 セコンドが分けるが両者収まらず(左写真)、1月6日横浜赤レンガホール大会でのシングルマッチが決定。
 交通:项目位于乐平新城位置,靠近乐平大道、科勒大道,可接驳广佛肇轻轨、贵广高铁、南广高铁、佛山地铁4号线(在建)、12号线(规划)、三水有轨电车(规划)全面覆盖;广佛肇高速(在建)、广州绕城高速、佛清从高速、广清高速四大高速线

---

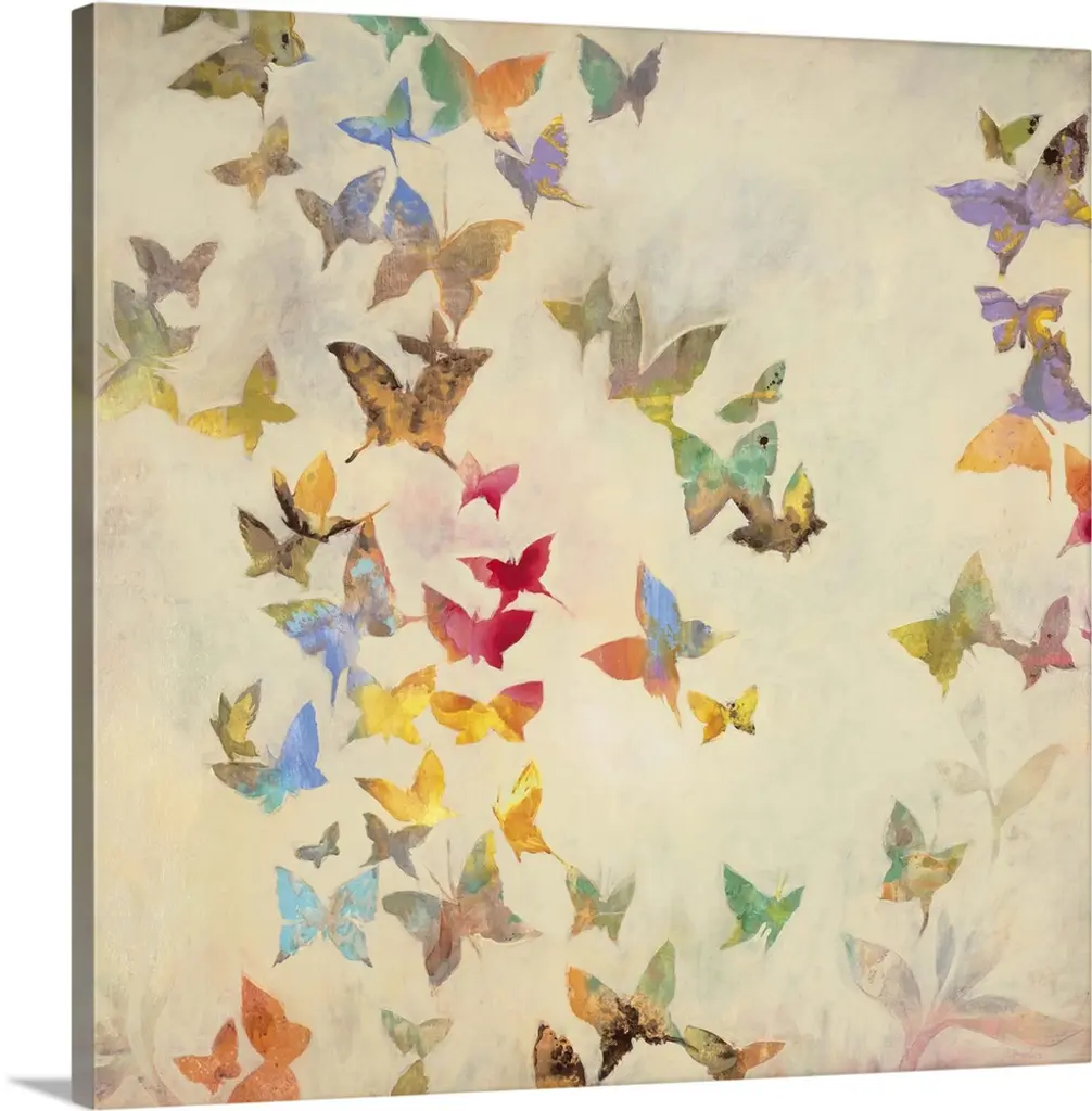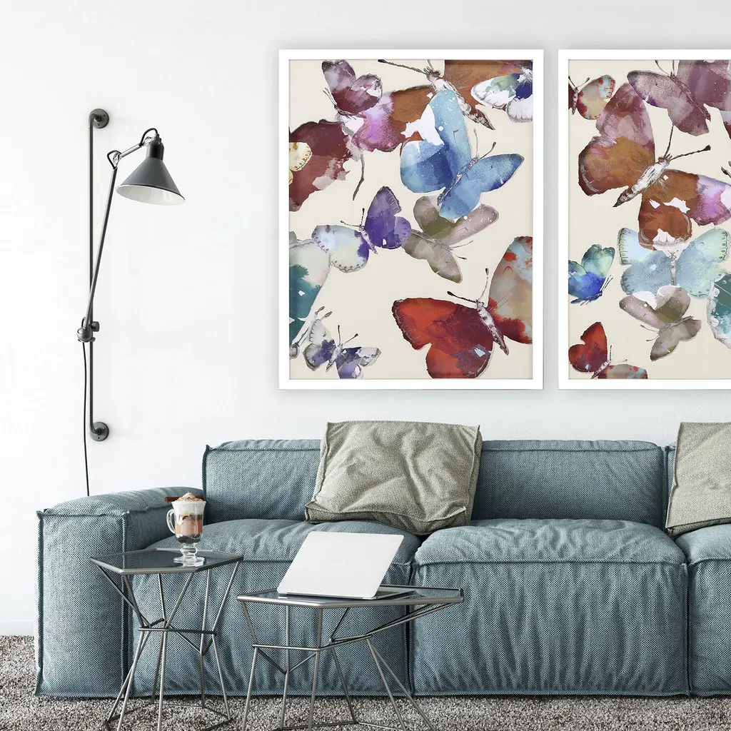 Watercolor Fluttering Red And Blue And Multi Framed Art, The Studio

* PROMPT *
Only the lines above from the one with "セコンドが分けるが両者収まら" up to and including the one with "交通:项目位于乐平新城位置,靠近乐平大道" should be repeated, exactly as written.

* WRITTEN ANSWER *
 セコンドが分けるが両者収まらず(左写真)、1月6日横浜赤レンガホール大会でのシングルマッチが決定。
 交通:项目位于乐平新城位置,靠近乐平大道、科勒大道,可接驳广佛肇轻轨、贵广高铁、南广高铁、佛山地铁4号线(在建)、12号线(规划)、三水有轨电车(规划)全面覆盖;广佛肇高速(在建)、广州绕城高速、佛清从高速、广清高速四大高速线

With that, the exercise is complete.